Progress report, February 2021

Jorge Mario burying an olive ridley nest
Jorge Mario burying an olive ridley nest

Warm greetings from your Friends at ARCAS,

We wish you the best in this new year full of challenges.  Here, we are reporting on our  GlobalGiving project #42261, Release 30,000 sea turtles in Guatemala as of February 10, 2021. 

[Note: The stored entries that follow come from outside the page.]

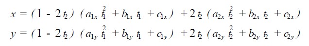 式中a1x , b1x , c1x , a1y , b1y , c1y為Si 段曲線的系數,由Pi , Pi + 1 , Pi + 2三點控制,參變量為t1 ,在公共段范圍內t1∈[0. 5, 1 ];式中a2x , b2x , c2x , a2y , b2y , c2y為Si + 1段曲線的系數,由Pi + 1 , Pi + 2 , Pi + 3三點控制,參變量為t2 ,在公共段范圍內t2 ∈[0, 0. 5 ]。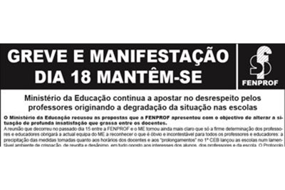 A resposta só pode ser a de uma greve massiva e uma grande manifestação dia 18, que a FENPROF decidiu manter.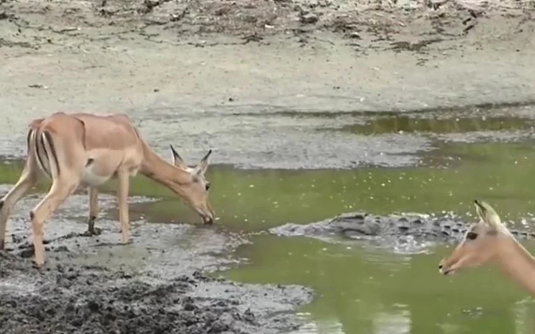 Theo đoạn clip ghi lại, một con linh dương đang cúi xuống uống nước tại một đầm lầy thì bất ngờ trở thành mục tiêu của cá sấu. Từ dưới làn nước đục, kẻ săn mồi âm thầm tiếp cận, di chuyển chậm rãi để không gây tiếng động.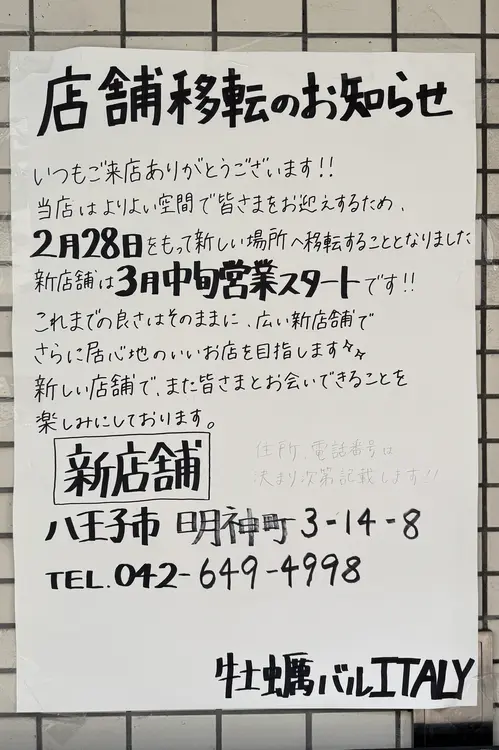 移転先は東京都八王子市明神町3-14-8と現店舗より広くなるそうです。そして、オープンは3/13(金)に決まったそうで期待が高まります。移転先の詳細などはInstagramでご確認ください。
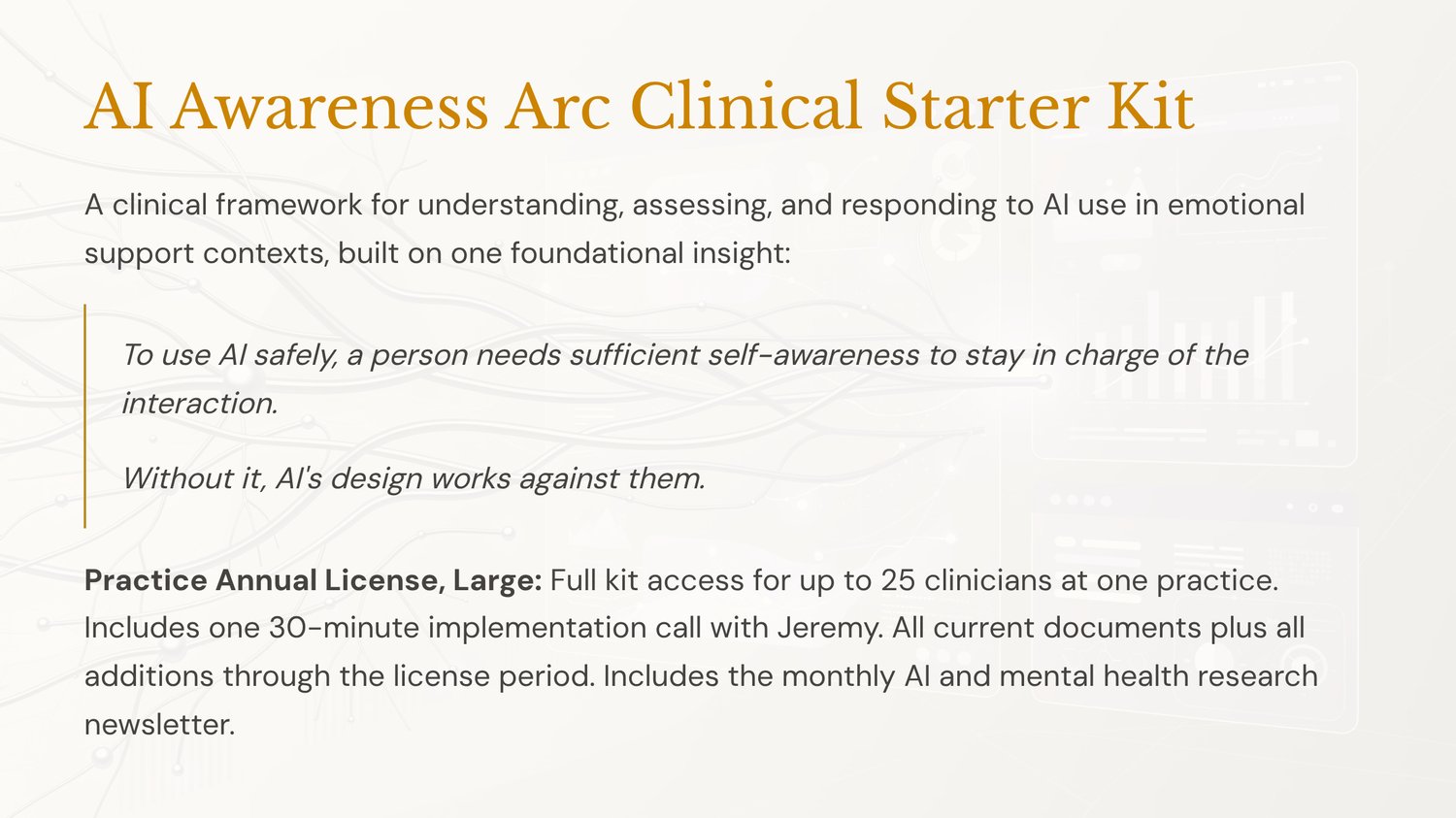 - Practice Annual License, Large: $897 Full kit access for up to 25 clinicians at one practice. Includes one 30-minute implementation call with Jeremy. All current documents plus all additions through the license period. Includes the monthly AI and mental health research newsletter.

We initiated this project in September, 2019, during the height of the July – October olive ridley nesting season, with the goal of rescuing and incubating 30,000 sea turtle eggs at our Hawaii Hatchery on the Pacific coast of Guatemala. 

2019

As reported in February, 2020, during the 2019 nesting season we successfully collected and incubated 41,192 olive ridley sea turtle eggs, and released 39,517 hatchlings with a 96% hatching success rate. 

2020

Like other conservation projects around the world that depend on the support of volunteers and ecotours, the Coronavirus pandemic hit us very hard.  From March until December 2020, the Hawaii Parque was closed to the public, as were nearby beaches.  One of our staff members contracted Covid-19, but thankfully, didn’t suffer serious symptoms.  Due to the pandemic, during the 2020 nesting season, we were only able to rescue and incubate 9,362 olive ridley sea turtle eggs, of which 8,659 hatched, which represented a 92.4% hatching success rate. 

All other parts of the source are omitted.